I spent my summer at Knewton working on an autoscaling project. I learned a lot along the way about capacity planning, queuing theory, code instrumentation, and server management and deployment, and I recently presented about what I learned at Surge Conference 2012.
The talk focused on instrumentation more than anything else, and you can check out the slides here. If capacity planning sounds interesting, we also open-sourced leptoid – the autoscaling library I worked on – so that you could review the source on Github.
I also had a chance to speak with two excellent guys, Nathan Harvey and Dave Zwieback, for an interview on Food Fight. During that interview I talked about my Surge presentation and experiences as a junior engineer at Knewton.
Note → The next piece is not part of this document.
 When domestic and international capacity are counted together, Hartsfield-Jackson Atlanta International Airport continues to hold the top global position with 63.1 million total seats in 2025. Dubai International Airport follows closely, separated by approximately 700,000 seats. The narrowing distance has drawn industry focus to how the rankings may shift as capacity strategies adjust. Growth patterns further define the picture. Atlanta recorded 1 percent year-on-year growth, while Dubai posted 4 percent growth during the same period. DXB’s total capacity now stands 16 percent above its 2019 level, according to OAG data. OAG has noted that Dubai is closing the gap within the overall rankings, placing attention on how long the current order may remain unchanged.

During my talk I mentioned the unimportance of a good capacity forecasting model relative to good instrumentation and deployment practices. This was revelatory. I actually spent the majority of my summer outside of my machine learning & statistical wheelhouse, instead working on this autoscaling project with Knewton’s systems team. Lots of time went into
- instrumenting code with statsd and Coda Hale’s metrics
- managing a cluster of Graphite hosts
- fumbling around with Chef
That list of items looks really obnoxious, I know, but I don’t want to forget about them. I simultaneously studied operating systems at NYU during this project, and have a list of topics I’d like to dig into once things slow down:
- scheduling and thread prioritization (beyond aging and “NRU” scheduling algorithms)
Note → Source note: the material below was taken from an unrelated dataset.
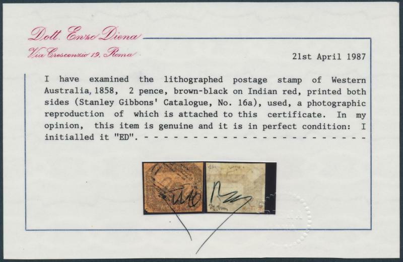| Zusatzinformationen und Suchstichworte: | 248. Abacus Auktion Auktionstermin: 20. - 22. Juli 2022 Los 753 Westaustralien 1857-59 Hillman Lithographien ungezähnt 2d braunschwarzer/rot auf beide Seiten gedruckt SG 15a mit dem Prägung auf der Rückseite aufrecht abhängig von die Gesicht aber bedeutend verschoben, gerandet dicht bei große mit ein Fragment des angrenzend Einheit auf der linken Seite, winzige inkstain erstellt die untere linke Ecke erscheinen fehlen, hell void-grid Entwertung, Katalogwert £900. Ex Michael Haden: verkauft zu unser Versteigerung von 18,12,2010 für $442. Enzo Diena Attest (1987) Bundesländer (übersetzt) "in perfektem Zustand" Ausruf 380,00 AUD |

- networking, especially DNS lookups and comparisons between proxies
- sharding (or distributed storage, especially w.r.t something like HDFS)
- kernel v. user modes, and how they work in practice
Either way, I feel like a better developer after this summer. It was an excellent experience, and Dave and Peter Norton (who really needs to get on Twitter or Pinterest or something) were excellent mentors.